BP is also trying to participate in the conversation on Social Media, but does not appear to be having much success in overcoming anti-BP sentiment. The “Boycott BP” page on Facebook is liked by more than 450,000 users, although it is unclear whether this movement will be able to affect BP’s business. On Twitter, an anti-BP impostor has amassed almost 140,000 followers while BP’s own Twitter feed is hovering at about 12,000 followers.
Much like Toyota several months ago, BP cannot expect to be portrayed other than as the villain. All BP can do is communicate openly and actively, and if its mea culpas come off as somewhat self-serving, at least the company isn’t stonewalling. The difference between the recall and the oil spill is, of course, scale. Toyota fixed the problems with its cars relatively quickly and was able to begin to rebuild its reputation. BP faces a much greater challenge, because the spill has not been contained quickly, the environmental impact may be enormous, and as an oil company BP did not start out with the kind of reputation Toyota had among the public.

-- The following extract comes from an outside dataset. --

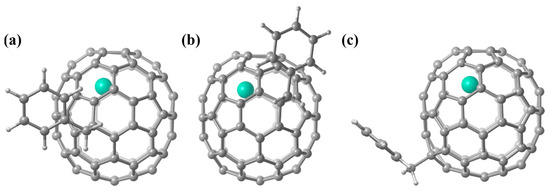 Endohedral metallofullerenes (EMFs) have garnered substantial attention from scientists due to their exceptional chemical and physical properties [1,2,3,4,5,6,7,8,9]. Since the discovery of the first solvent-extractable EMF, La@C82 [10], there has been a boom in interest in EMFs. According to the electronic structure, EMFs are categorized into two main groups: closed-shell EMFs and open-shell EMFs. Closed-shell EMFs possess completely filled electron shells, meaning that all the molecular orbitals are paired with electrons. Consequently, they exhibit a stable and relatively non-reactive structure. In contrast, open-shell EMFs have partially filled electron shells, resulting in the presence of unpaired electrons in their molecular orbitals. This characteristic makes them more reactive and prone to chemical reactions [11,12,13]. Nevertheless, compared with closed-shell EMFs, the reaction of open-shell EMFs is relatively less studied.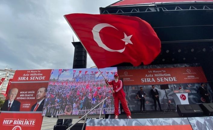 Genel seçimlere sayılı günler kala Aydın’a gelen Milliyetçi Hareket Partisi (MHP) Genel Başkanı Devlet Bahçeli için vatandaşlar, Atatürk Kent Meydanı’nda toplandı. Bahçeli’nin mitingi öncesinde MHP’nin sembol isimlerinden olan ve “Bayrak Dede” lakabıyla tanınan Beyler Virdiloğlu, elinde taşıdığı Türk bayrağı ile vatandaşları coşturdu.

So far, BP has demonstrated a certain sophistication in not trying to shut down the parody Twitter feed or the flow of satirical treatments of the company’s logo. In March, the environmental activist group Greenpeace provoked Nestle into overreacting to critical videos and Facebook postings that included modified versions of the Nestle logo. BP hasn’t fallen into that trap. Nor has it attempted to co-opt the fake Twitter account. This is a wise choice, since if trying to shut down the account would be bullying, trying to fold it into the company’s own communication strategy would seem, um, slimy.
The Zavee takeaway:
- In a bad situation, openness and honesty really are the best policies.
- The better you do at solving the problem, the easier it will be to rebuild your reputation.
- Frustrated people need to express their frustration. Don’t try to stop them.